Stunting refers to when a child is not tall enough for their age. The condition is generally caused by malnutrition or repeated infections impacting the natural growth of the child. Prevalence of the condition in India is high, affecting 38.4 percent of children (though in some districts the figure can be as high as 65.1 percent).

Stunting during infancy is linked to a range of poor health indicators in later life, including poor educational performance. This may account for the newly released statistic that 66 percent of working Indians experience lower wages because of stunting.

Poor educational performance results in a child’s earning capacity in later life being massively limited. This has an immediate effect on the Indian economy, as due to the widespread nature of stunting there are fewer available highly skilled workers. Many children in poorer areas may even forsake their education in favour of helping their family in sectors such as farming. 
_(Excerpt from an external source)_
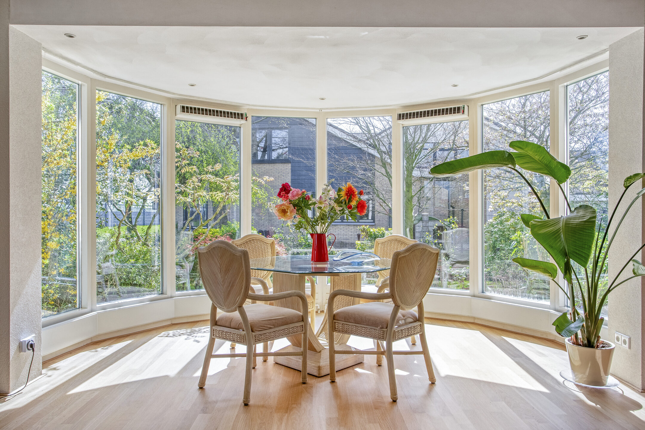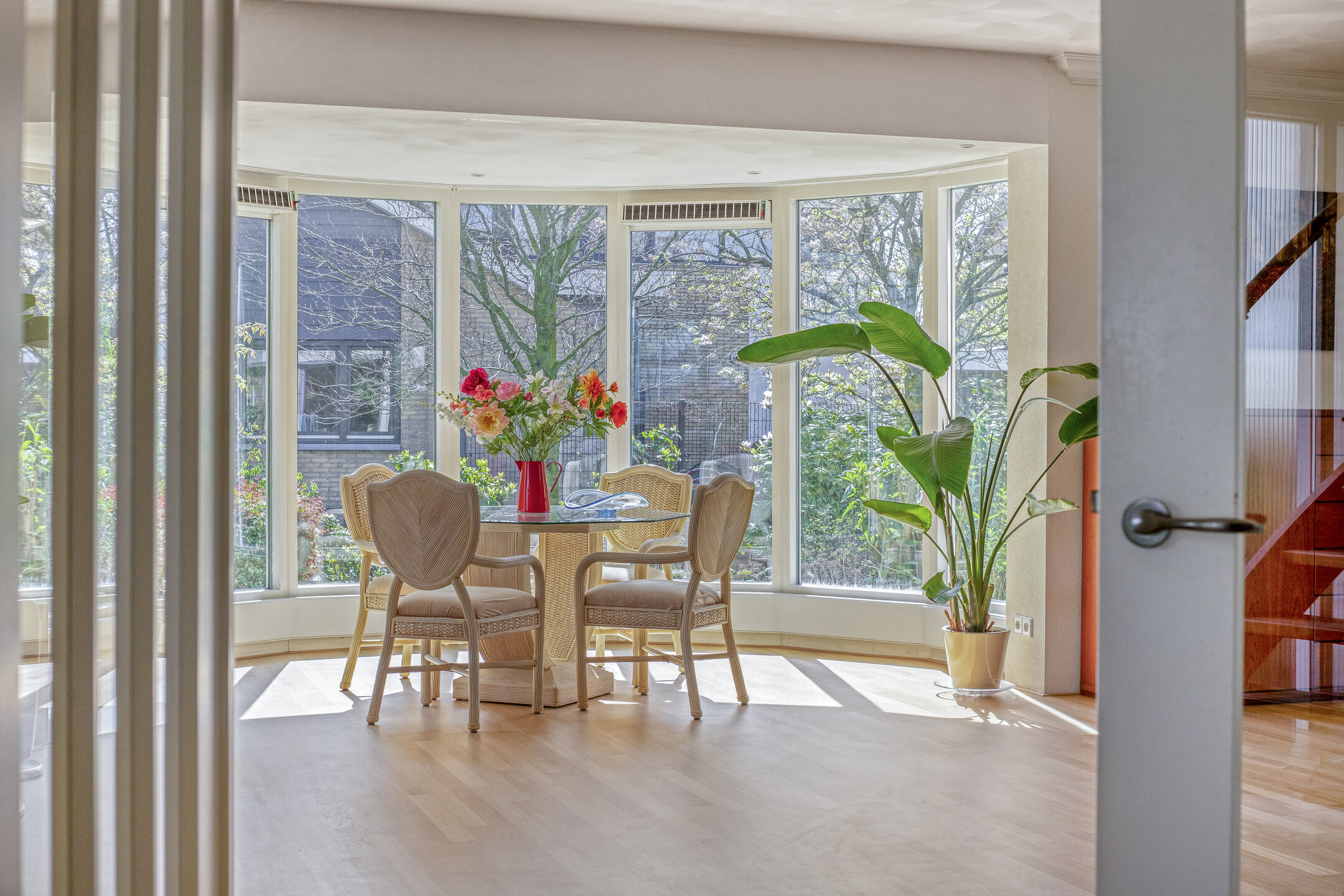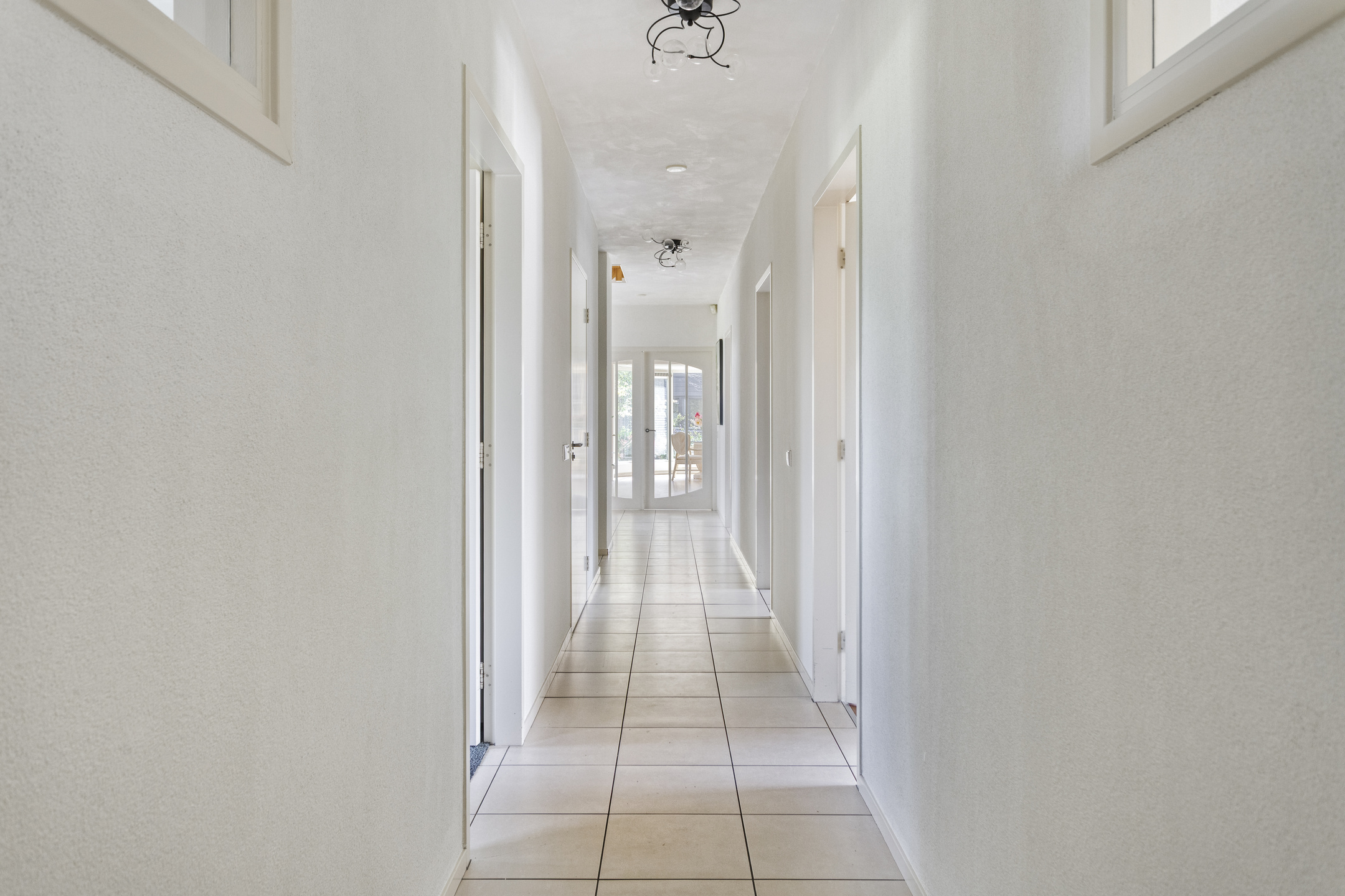 Via de entree kom je in een ruime hal met garderobe, toiletruimte en trapopgang. Vanuit hier betreed je de royale woonkamer, het hart van de woning. De speelse vormgeving, met serre en erker, zorgt voor een prettige dynamiek en meerdere zitplekken. Grote raampartijen brengen het buitenleven naar binnen en zorgen voor een aangename lichtinval gedurende de hele dag.

This, in turn, often leaves the child impoverished in their own adult life, making it all the more likely that their own children are impoverished. This results in a cycle of poverty in which both the Indian economy and the lives of individuals, are impacted to a severe degree.

Investment into public health, as well as nutritional schemes aimed towards those in impoverished communities (both in rural and urban areas), could be a major stepping stone to reducing child malnutrition rates. This, in turn, would improve the educational performance of many of India’s youth, giving them greater opportunity in later life — and in the process, driving the economy. 


Funding required to continue the fight against infectious disease

Infectious disease has perhaps been the area in which India has had its most notable public health success stories. Rates of malaria and HIV have fallen in recent years. These were among some of the diseases with the greatest impact on the health of the nation, and, therefore, the economy.

However, the greatest success stories have been those of polio and smallpox. Through sustained vaccination campaigns, these diseases have been entirely eradicated from India. This is a testament to both the efficacy of vaccination as a public health tool, and the drive behind India’s medical community down to the grassroot levels.

Without adequate funding, the initiatives that eradicated these diseases could never have taken place. While India has witnessed a considerable reduction in other infectious diseases, they remain considerable public health challenges and new challenges are emerging.

In the example of malaria, India still accounts for 45 percent of the world’s cases. While cases are falling, progress on elimination is losing traction. As with many other diseases rural, hard to reach areas are acting as bastions for the infection to spread. Within densely packed urban metros, there are ample opportunities for vector-borne diseases such as malaria to resurge even after an area has seen cases fall. Surveillance systems must be improved to allow rapid diagnosis and treatment. Such improvements to infrastructure cannot be made without ample funding. 

Drug resistance is also likely to become a major issue unless the problem is addressed rapidly. Nowhere is this more evident than in the growing threat of drug-resistant tuberculosis (TB). Should first-line therapies become ineffective, the more expensive second- and third-line therapies become a necessity to curb disease outbreaks. Without ample funding, drug-resistant strains could see infectious disease rates rise to rival NCDs once more.

In order to cope with its dual burden of infectious diseases and NCDs, India must invest more into its health system, or risk it being overwhelmed. Currently, public health expenditure lingers at around 1.4 percent. This is despite promises by the Centre to increase funding for healthcare to 2.5 percent.